At the Vintage Press Restaurant, 216 North Willis St. in Visalia, chef David Vartanian is making a restaurant favorite: roasted baby pumpkin with lemon butter sauce.
Vartanian has been making the item for more than 25 years. It’s a slightly smoky, spicy and rich-tasting dish.
“It is one of those things that people look forward to during the fall and winter months,” Vartanian says. “It has some wonderful flavors.”
Vartanian selects baby pumpkins and fills the insides with cheese, smoked chicken and hot chili sauce. And the pumpkin isn’t just for show. Once it’s stuffed and roasted, it can be eaten whole.
Steve Griffiths, who handles marketing for the Vintage Press, said it is one of his favorite seasonal dishes at the restaurant.
“I eat everything, but the stem on the top,” Griffiths says. “The outside has a nice, slightly crunchy texture and the inside is very moist.”
For some people, they can’t get enough of pumpkin flavored foods.
Maddie Travis, owner of Maddie Cakes Cupcake Bakery, features her pumpkin apple cupcakes all year long.
“It has become so popular for us that it has become one of our staples,” says Travis, whose store is at 2063 W. Bullard Ave., Fresno. “And its is one of my favorites, I just love those two flavors together.”
Local private chef Wendy Carroll prides herself on cooking with flair and creativity, but when it comes to using pumpkins she has two approaches. She’ll take the trouble of scooping out mini pumpkins when she wants a “show stopper” meal. But she also is comfortable using canned pumpkin for one of her favorite dishes: pumpkin cake.
“And the truth is I can spend a lot of time breaking down and roasting those pumpkins,” says Carroll, owner of seasonedtotaste.com. “But nothing seems to get the response that this cake gets, using canned pumpkin.”
Patio Cafe owner Robyn Richardson says that despite the warm weather, she has rolled out some of her seasonal favorite recipes, including pumpkin pancakes, pumpkin muffins, and a cake made with pumpkin, pear and toasted pecans.
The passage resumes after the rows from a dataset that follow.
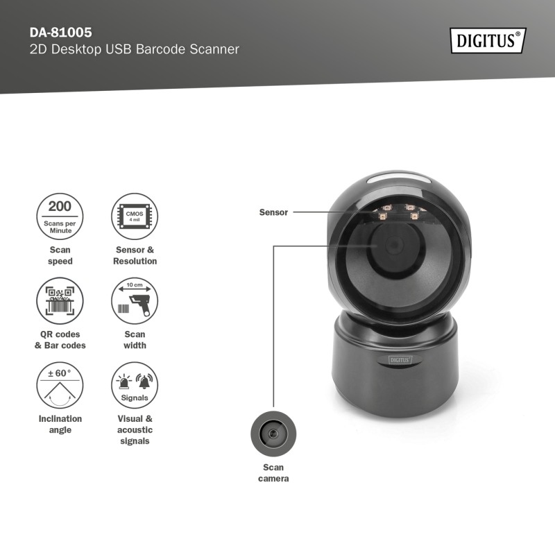 Všesměrový snímač čárových kódů se skenovacím výkonem až 200 skenů/s a elegantním designem pro spolehlivé použití v pokladnách lékáren, supermarketů a dalších maloobchodních zařízení Přesné skenování 1D a 2D čárových kódů s vysokým rozlišením (čárové kódy / QR kódy) 200 skenů za sekundu, obousměrné pro spolehlivé rozpoznání, úspěšné rozpoznání kódu je potvrzeno světelným a zvukovým signálem. Čte čárové kódy na obrazovkách - ideální pro platbu přes smartphone / QR kód (např. elektronická peněženka). Ideální pro maloobchod, logistiku a obchod všeho druhu Anti Inference: Externí světelné zdroje nemají žádný vliv na skenování. Integrovaný infračervený senzor automaticky aktivuje skener, když je čárový kód přidržen v oblasti skenování. Kompaktní design s otočnou hlavou, vytváří prostor na pokladním stole POPIS 2D snímač čárových kódů od společnosti DIGITUS® s vysokým rozlišením a snímačem CMOS nezávislým na pohybu umožňuje rychlé a přesné snímání statických i nestatických čárových kódů. Vhodné pro pokladní prostory v lékárnách, supermarketech a dalších maloobchodních zařízeních. Detekuje vytištěné QR kódy a QR kódy zobrazené na obrazovkách (např. elektronická peněženka). S 200 skeny za sekundu poskytuje tento obousměrný skener ty nejlepší výsledky. Vhodné pro jednorozměrné a všerozměrné čárové kódy, jako jsou čárové kódy a QR kódy. Skener je také schopen číst QR kódy z displejů, což je ideální pro skenování QR kódů pro mobilní platby. Každé skenování je potvrzeno vizuálními a zvukovými signály, které podporují nejběžnější typy kódování. Velké snímací úhly dále urychlují rozpoznávání čárových kódů. TECHNICKÉ ÚDAJE 2D a 1D skenování – Čárové kódy a QR kódy na papíře nebo displejích Příkon: 5V DC, 235mA Napájení: USB Typ skenování: Snímání obrázku Senzor: CMOS CPU: ARM 32-bit Cortex Rozhraní: USB Spoušť: automatická Chybovost v bitech: 1/5 milionu, 1/20 milionu Rozlišení: 1D: ?4mil, 2D:?10mil Šířka skenování: 10 cm Počet skenů: 200 za sekundu. Hloubka ostrosti: 3,3 mil @ 2 mm-100 mm, 10 mil @ 2 mm-350 m; 15,6 mil @ 5 mm - 600 mm; 35 mil @ 10 mm-1000 mm Úhel snímání: Úhel otáčení ±360°, úhel sklonu ± 60°, úhel sklonu ± 60° Dekódování: 1D: Codabar, kód 39, kód 32 Pharmaceutical (PARAF), prokládaný 2 z 5, NEC 2 z 5, kód 93, přímý, 2 z 5 průmyslový, rovný 2 z 5 IATA, Matrix 2 z 5, kód 11, Kód 128, GS1-128, UPC-A, UPC-E,EAN/JAN-8, EAN/JAN-13, MSI, GS1 DataBar Omn Dekódování 2-D: DOT Code, Codeblock A, Codeblock F, PDF417, Micro PDF417, GS1 Composite Codes, QR Code, Data Matrix, MaxiCode, Aztec, HANXIN Kompatibilní s Windows / Android / iOS / Mac / Linux OBSAH BALENÍ 1x 2D čtečka čárových kódů s USB kabelem 1,4m 1x QIG |
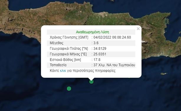 Σύμφωνα με το Γεωδυναμικό Ινστιτούτο, ο σεισμός ήταν μεγέθους 3,6 βαθμών της κλίμακας Ρίχτερ και το επίκεντρο ήταν ανοιχτά από το Τυμπάκι, σε θαλάσσια περιοχή.
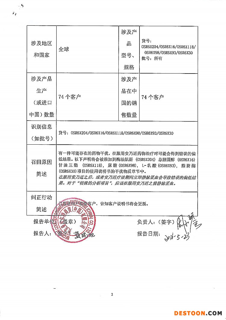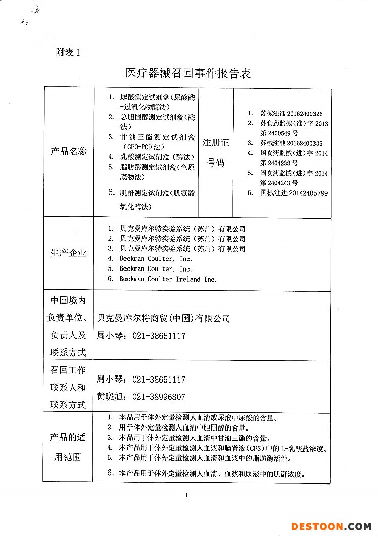 13、貝克曼庫爾特商貿(mào)(中國)有限公司對尿酸測定試劑盒、總膽固醇測定試劑盒、甘油三酯測定試劑盒、乳酸測定試劑盒、脂肪酶測定試劑盒、肌酐測定試劑盒主動召回
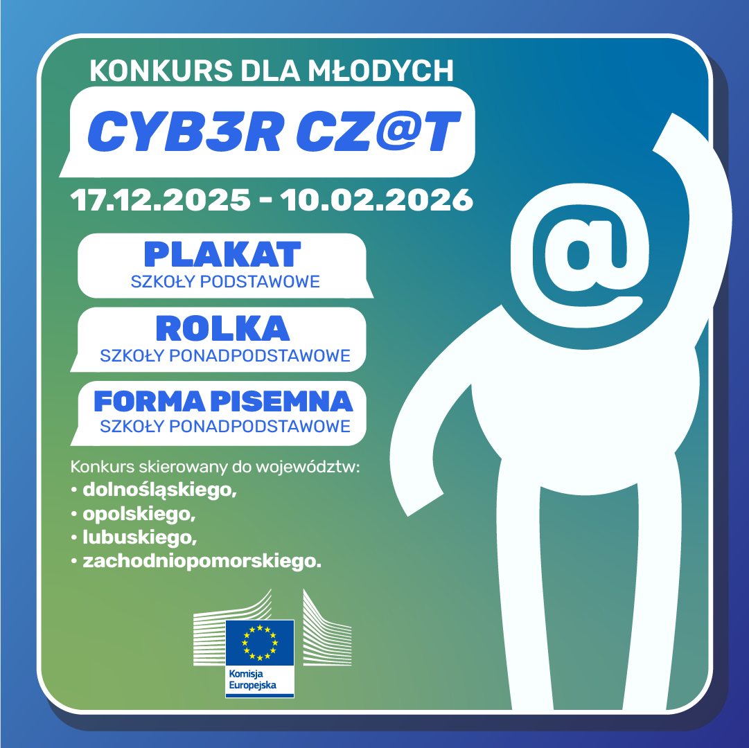 CYBER CZAT to element szerszych działań edukacyjnych Unii Europejskiej na rzecz wzmacniania kompetencji cyfrowych, higieny cyfrowej oraz bezpieczeństwa dzieci i młodzieży w sieci, realizowanych m.in. w ramach strategii BIK+ – Lepszy Internet dla Dzieci.Więcej informacji: https://poland.representation.ec.europa.eu/events/konkurs-cyber-czat-2026-2025-12-17_pl Konkurs ma charakter kreatywny, uczniowie mogą zgłaszać prace w następujących formach: plakat (szkoły podstawowe).…
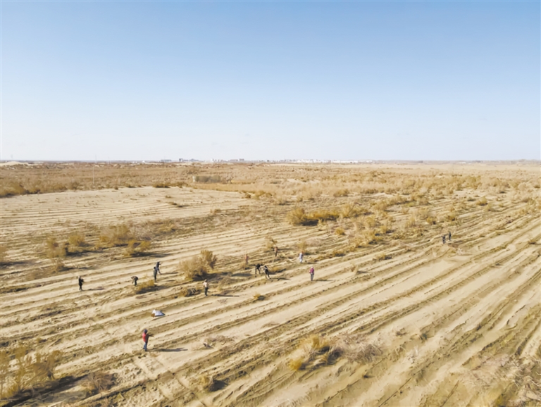 群眾在離且末縣不遠的沙地里種植梭梭。(資料片)

The Patio Cafe is in the Fig Garden Shopping Center at Shaw and Palm avenues in Fresno.
“On weekends, the pancakes are a big seller,” Richardson says. “It reminds people of fall and cooler weather.”
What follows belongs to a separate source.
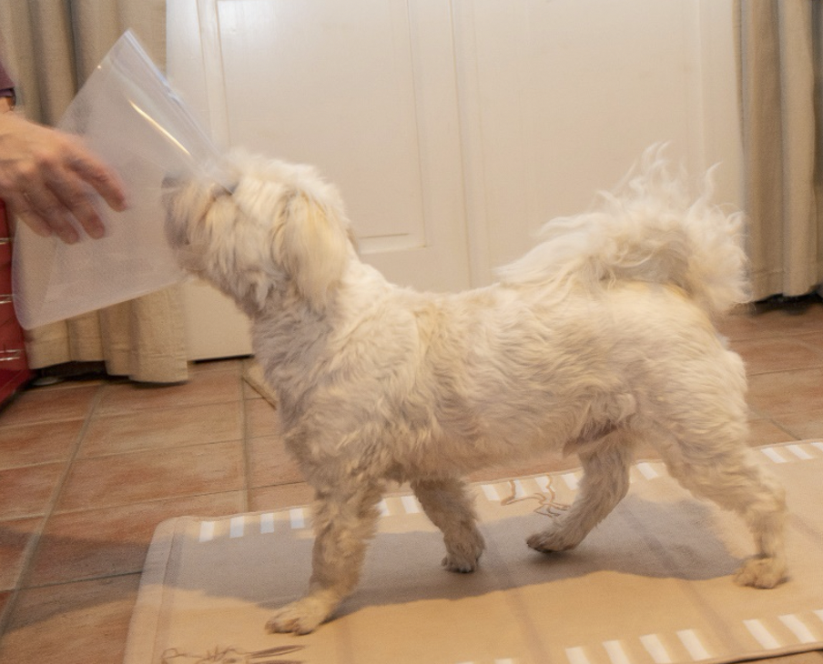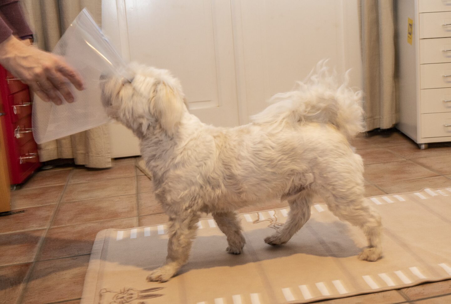 Der Weg in den Behandlungsraum ist für viele Hunde schwierig. Das tierärztliche Team sollte den Weg frei machen, beispielsweise auch durch Management anderer Patienten im Wartezimmer, und den Hund möglichst wenig beachten. Jedenfalls vermieden werden sollte, einen Hund mit Hilfe der Leine in den Behandlungsraum zu ziehen. Lassen Sie den Hund in den Behandlungsraum kommen und geben Sie ihm Zeit, sich einzugewöhnen. Idealerweise sitzt man als Tierärzt:in am Schreibtisch und erhebt die Anamnese, während der Hund Gelegenheit hat, den Raum zu explorieren und dort schon leckere Überraschungen vorfindet (z.B. Leckmatten am Boden mit kleinen Mengen Feuchtfutter und ein paar Leckerli ). In diesem Gespräch wird insbesondere geklärt, welche Maßnahmen bei dieser Visite durchgeführt werden sollen. Dabei gibt es Maßnahmen, die unbedingt nötig sind („Needs“) und solche, die für den Fall, dass es dem Hund schwerfällt, die Manipulationen zu tolerieren, vertagt werden können („Wants“).
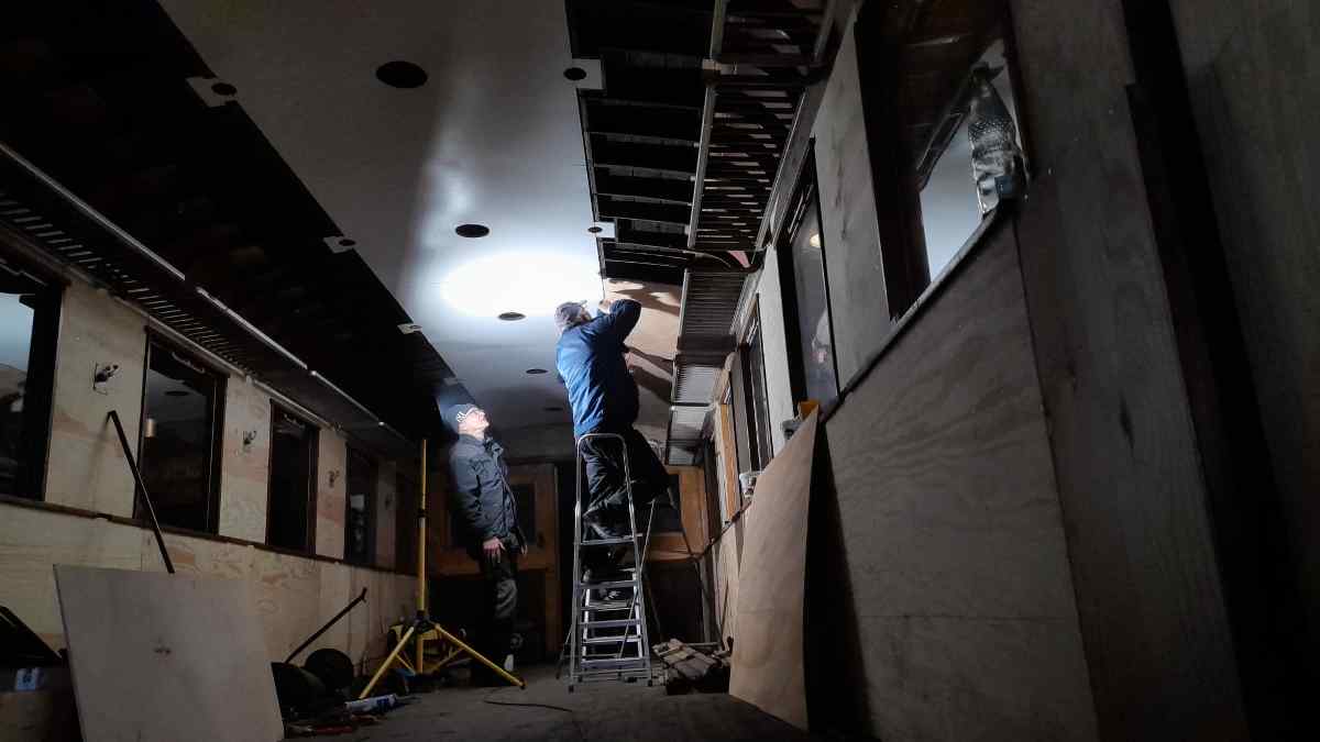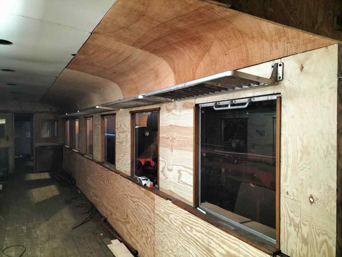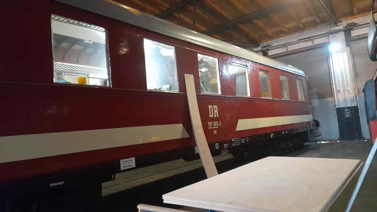 Mit deutlich sichtbaren Schritten ging der Innenausbau unseres Wagen 190 805 voran. Hier konnte die neue Deckenverkleidung aus Sperrholz angebracht werden.

Roasted whole baby pumpkin with lemon butter sauce
6 baby pumpkins
8 ounces, smoked chicken
4 ounces, Jarlsberg cheese
2 tablespoons, hot chile sauce
1 onion, chopped
1 tablespoon, butter
6 ounces, heavy cream
1 tablespoon, chopped chives
Freshly ground salt and pepper
Carefully cut the top off each small pumpkin. Retain.
Discard the seeds and season the pumpkin with salt and pepper. Sauté butter and soften onion over medium heat.
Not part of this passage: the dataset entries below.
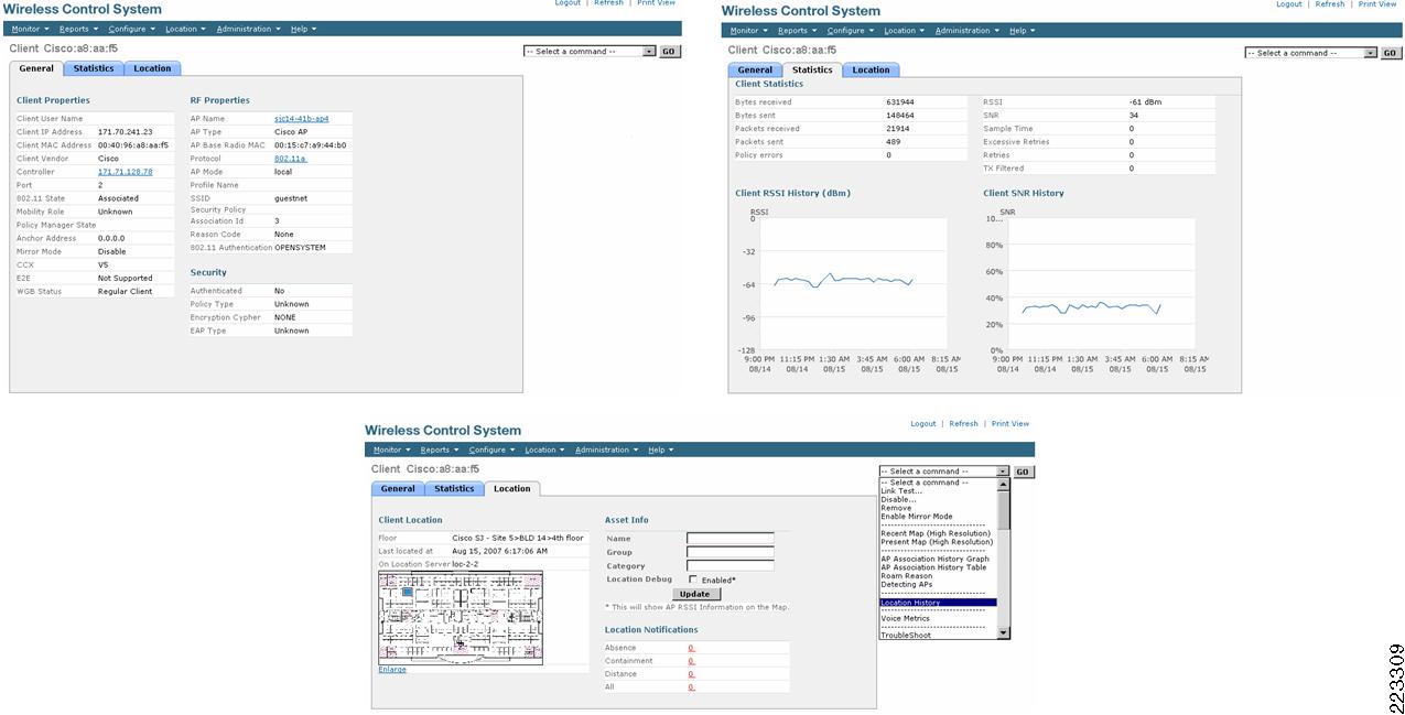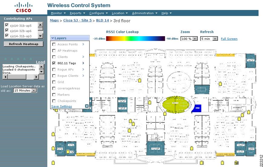 WCS—WCS serves as the default location client to the location appliance, providing location display capabilities that can satisfy most IT-centric and network monitoring requirements. The inherent flexibility afforded by the location appliance API allows for third-party location clients to reside in the UWN in a complementary fashion to WCS. These third-party products may provide a very business-focused UI that concentrates on the management of assets and de-emphasizes the details of RFID, localization and network management.
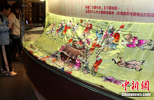 其中,北京宋庆龄故居馆藏的56件文物系首次在台展出。孙中山穿过的西服、用过的手杖、怀表、筷子、礼帽,签署遗嘱所用的钢笔,以及宋庆龄的名片、手绢、旗袍等都是难得一见的文物。而孙中山与宋庆龄的结婚礼物毛瑟手枪、宋母补送的嫁妆苏绣“吉庆有余”百子图被面等,弥足珍贵。
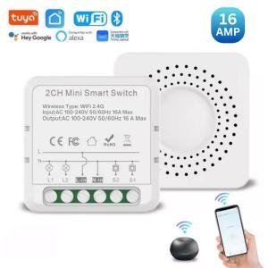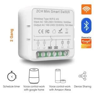 2-Gang WiFi Mini Smart Relay Module – 16A High Load – Tuya & Smart Life Compatible, Bluetooth + WiFi Dual Mode, 2-Way Physical Switch Support, Voice Control (Alexa/Google Home)

In a bowl, combine chicken, cheese, cooked onion and chives. Season with salt, pepper and chile sauce.
Stuff pumpkins with chicken mixture and add one ounce of heavy cream per pumpkin.
Place the top on each pumpkin, cover with foil and roast at 350 degrees for 45 minutes.
Serve with one ounce of sauce.
Lemon butter sauce
2 diced shallots
1 cup white wine
1 ounce champagne vinegar
2 ounces heavy cream
6 ounces unsalted butter
Juice of one lemon
1 tablespoon chives
Freshly ground salt and pepper
Red and pink peppercorns
Simmer shallots, wine and vinegar into sauce pan, reducing by half.
Add heavy cream and reduce, adding butter as needed.
Season with salt, pepper and lemon juice.
Garnish with chives and peppercorns just before serving.
– Vintage Press Restaurant, Visalia
Everyone’s favorite pumpkin cake
2 boxes Duncan Hines yellow cake mix
1 1/2 cups unsalted butter, softened slightly
3 cups canned pumpkin
1 can sweetened condensed milk
6 large eggs
1 1/2 cups sugar
1/4 teaspoon ginger
1/4 teaspoon nutmeg
1/2 teaspoon cloves
1/2 teaspoon allspice
1/2 teaspoon salt
1 1/2 teaspoons cinnamon
1 cup chopped toasted walnuts
Spread half a box of cake mix in the bottom of an 11 by 15 baking pan.
Using a hand mixer, beat pumpkin, condensed milk, eggs, sugar and spices. Pour over first layer and spread evenly.
In a medium bowl, use a fork or pastry cutter to blend one box of cake mix with butter. Mix in walnuts and sprinkle evenly over pumpkin batter. Bake at 350 degrees for 60-70 minutes until lightly browned and set.
Note: You will have half a box of cake mix left. Consider sprinkling powdered sugar over the cooled cake.